- WORK TASK
The full set of lines below has to be duplicated exactly, with no picture kept.

╭─ DATASET SECTION

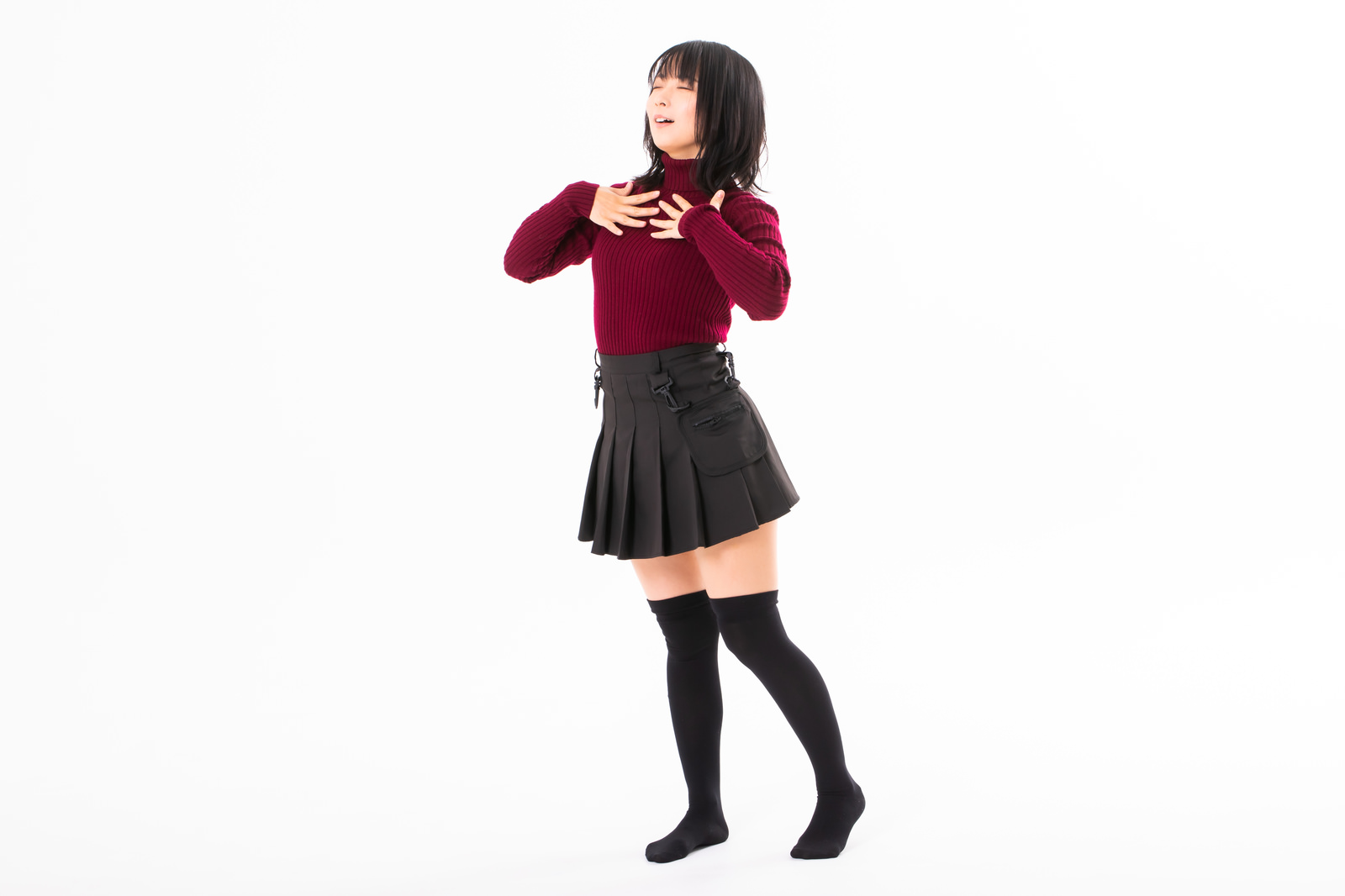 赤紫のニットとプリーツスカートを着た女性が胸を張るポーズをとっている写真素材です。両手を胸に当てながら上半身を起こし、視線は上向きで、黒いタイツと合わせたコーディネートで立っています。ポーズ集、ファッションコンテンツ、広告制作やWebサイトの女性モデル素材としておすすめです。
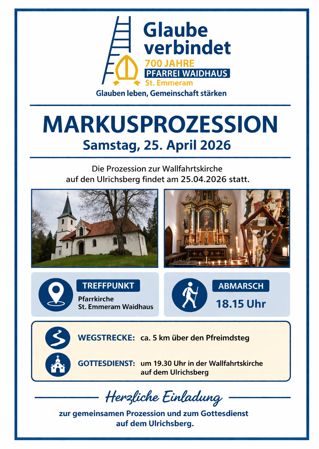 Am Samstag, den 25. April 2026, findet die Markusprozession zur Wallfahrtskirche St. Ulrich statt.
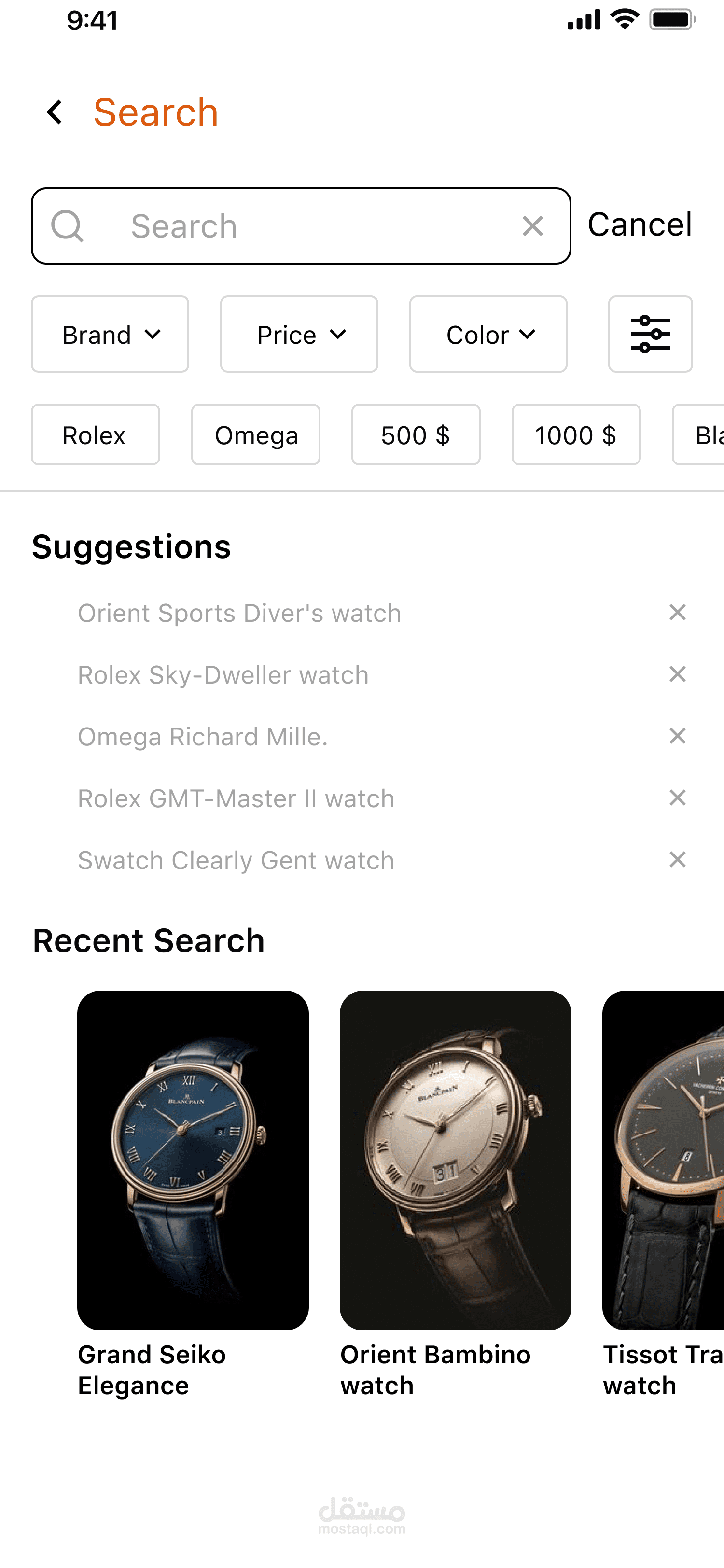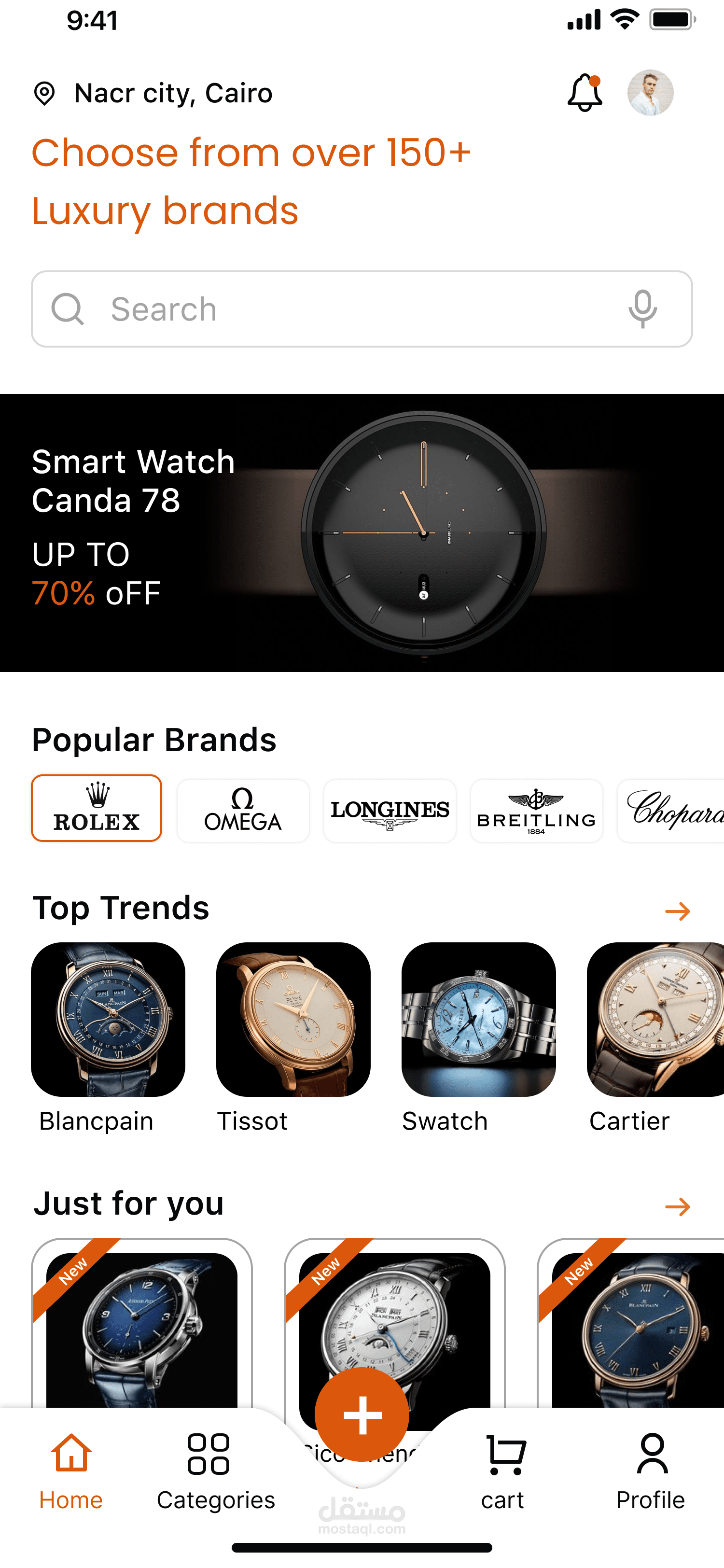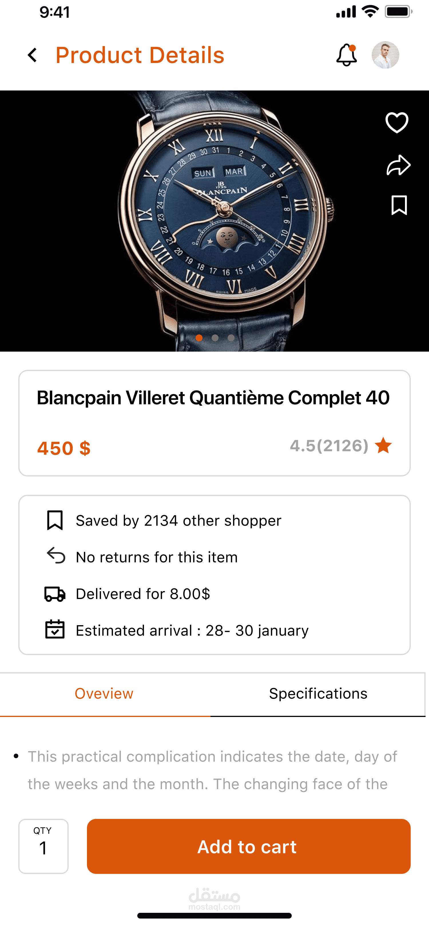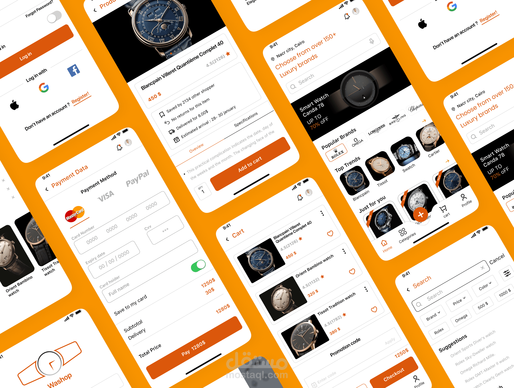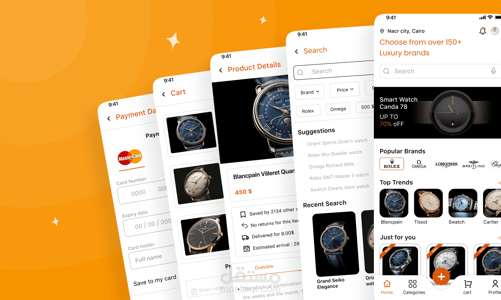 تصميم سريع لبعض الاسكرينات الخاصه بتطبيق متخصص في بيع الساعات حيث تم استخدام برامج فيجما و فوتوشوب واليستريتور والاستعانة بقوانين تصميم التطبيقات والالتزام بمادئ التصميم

╰─

- RESPONSE BOX
 赤紫のニットとプリーツスカートを着た女性が胸を張るポーズをとっている写真素材です。両手を胸に当てながら上半身を起こし、視線は上向きで、黒いタイツと合わせたコーディネートで立っています。ポーズ集、ファッションコンテンツ、広告制作やWebサイトの女性モデル素材としておすすめです。
 Am Samstag, den 25. April 2026, findet die Markusprozession zur Wallfahrtskirche St. Ulrich statt.
 تصميم سريع لبعض الاسكرينات الخاصه بتطبيق متخصص في بيع الساعات حيث تم استخدام برامج فيجما و فوتوشوب واليستريتور والاستعانة بقوانين تصميم التطبيقات والالتزام بمادئ التصميم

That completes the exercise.